**TASK DESCRIPTION**. Once the images are set aside, output the listing exactly as it stands.

GIVEN INFORMATION: Begin

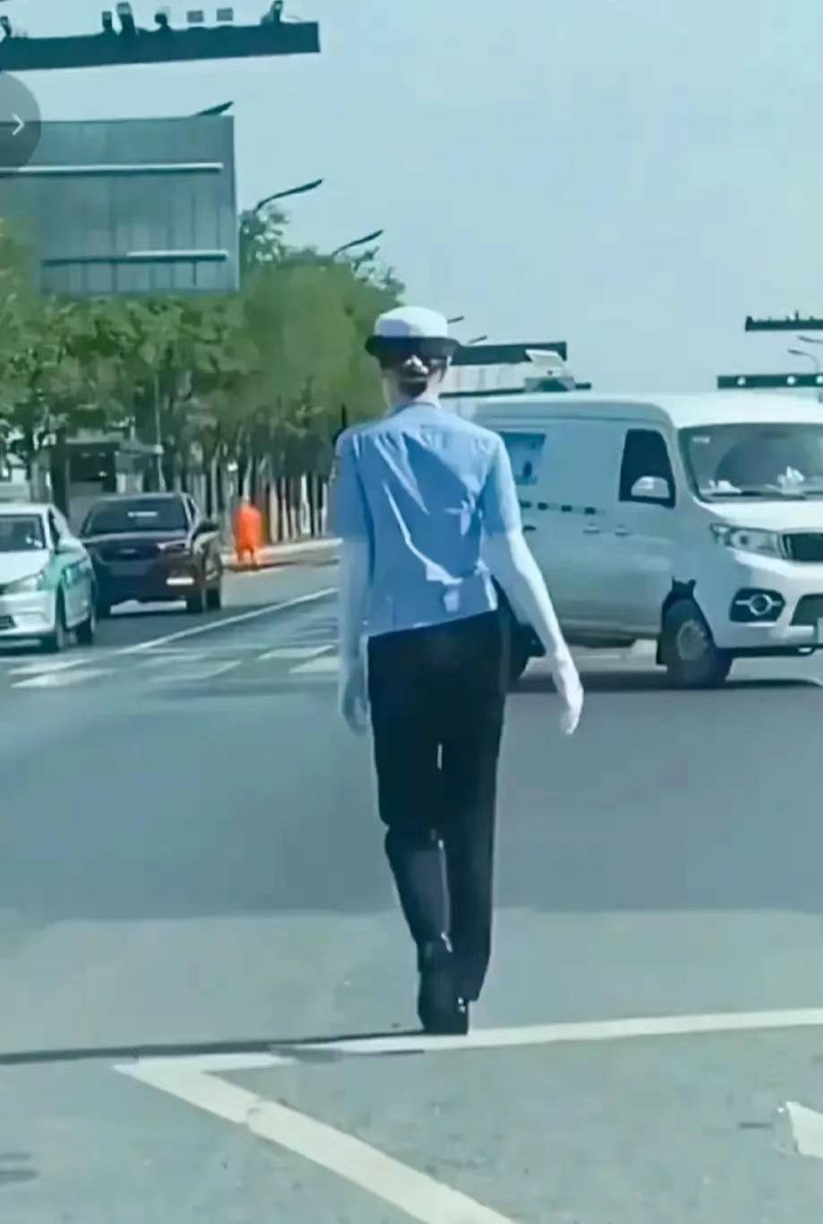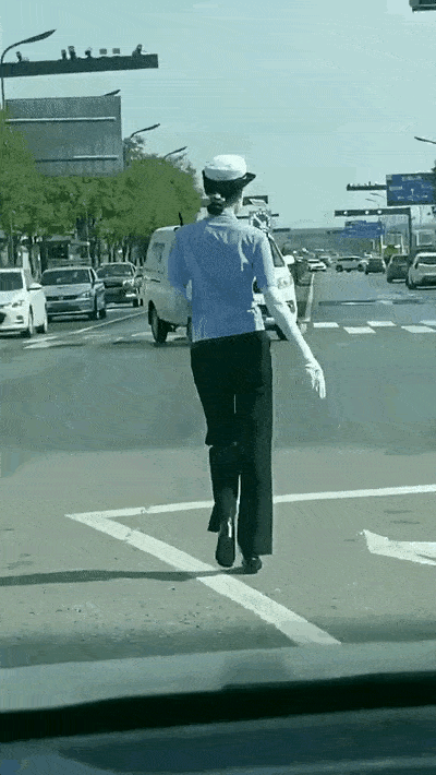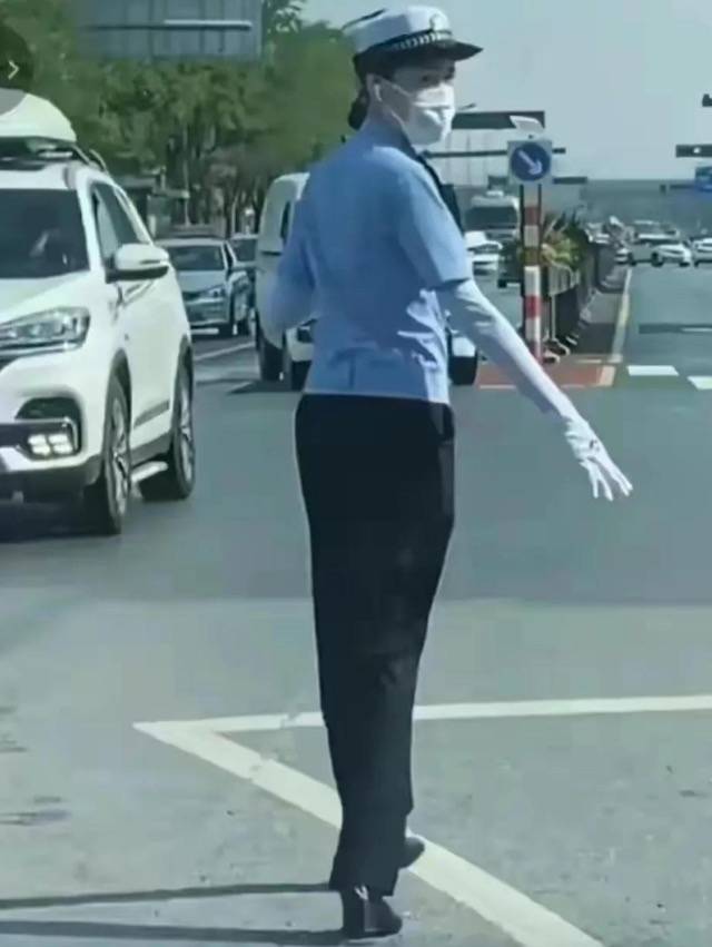 這交警穿的應該是坡跟鞋,要是細跟早被炒魷魚了,
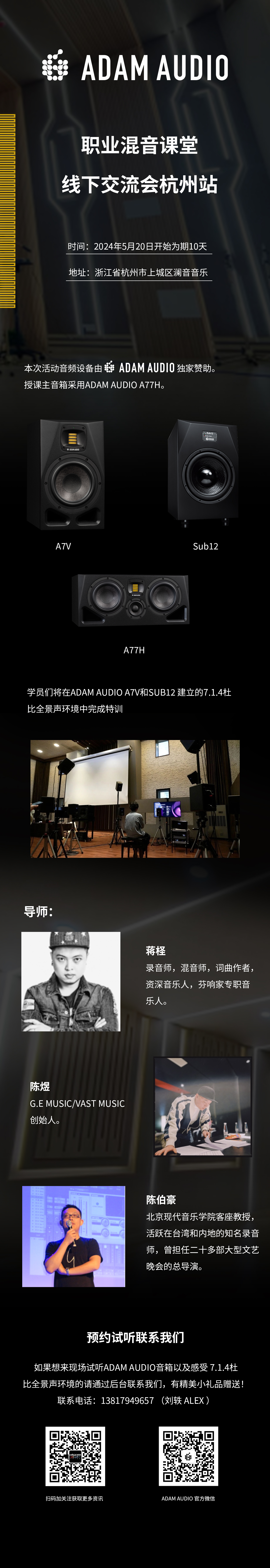 职业混音课堂线下交流会杭州站5.20即将开始 | ADAM Audio独家赞助音频设备!!
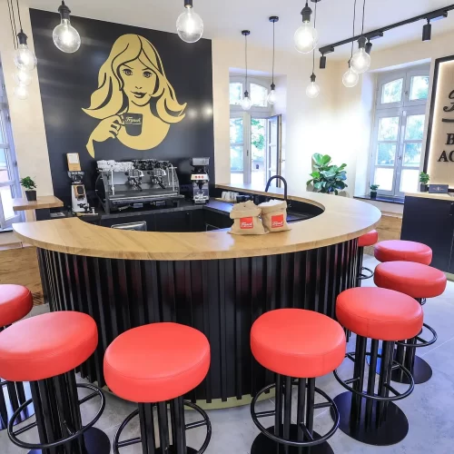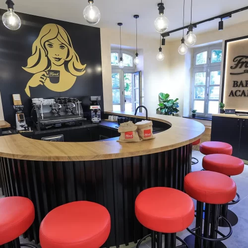 U povijesno zaštićenoj zgradi Francka u Vodovodnoj ulici u Zagrebu dizajnirali smo, proizveli i montirali novi iskorak kompanije u smjeru podizanja kvalitete pripreme toplih napitaka — prostor koji služi kao središte edukacije, inspiracije i izvrsnosti u svijetu toplih napitaka.

GIVEN INFORMATION: End

**FINAL ANSWER**.
 這交警穿的應該是坡跟鞋,要是細跟早被炒魷魚了,
 职业混音课堂线下交流会杭州站5.20即将开始 | ADAM Audio独家赞助音频设备!!
 U povijesno zaštićenoj zgradi Francka u Vodovodnoj ulici u Zagrebu dizajnirali smo, proizveli i montirali novi iskorak kompanije u smjeru podizanja kvalitete pripreme toplih napitaka — prostor koji služi kao središte edukacije, inspiracije i izvrsnosti u svijetu toplih napitaka.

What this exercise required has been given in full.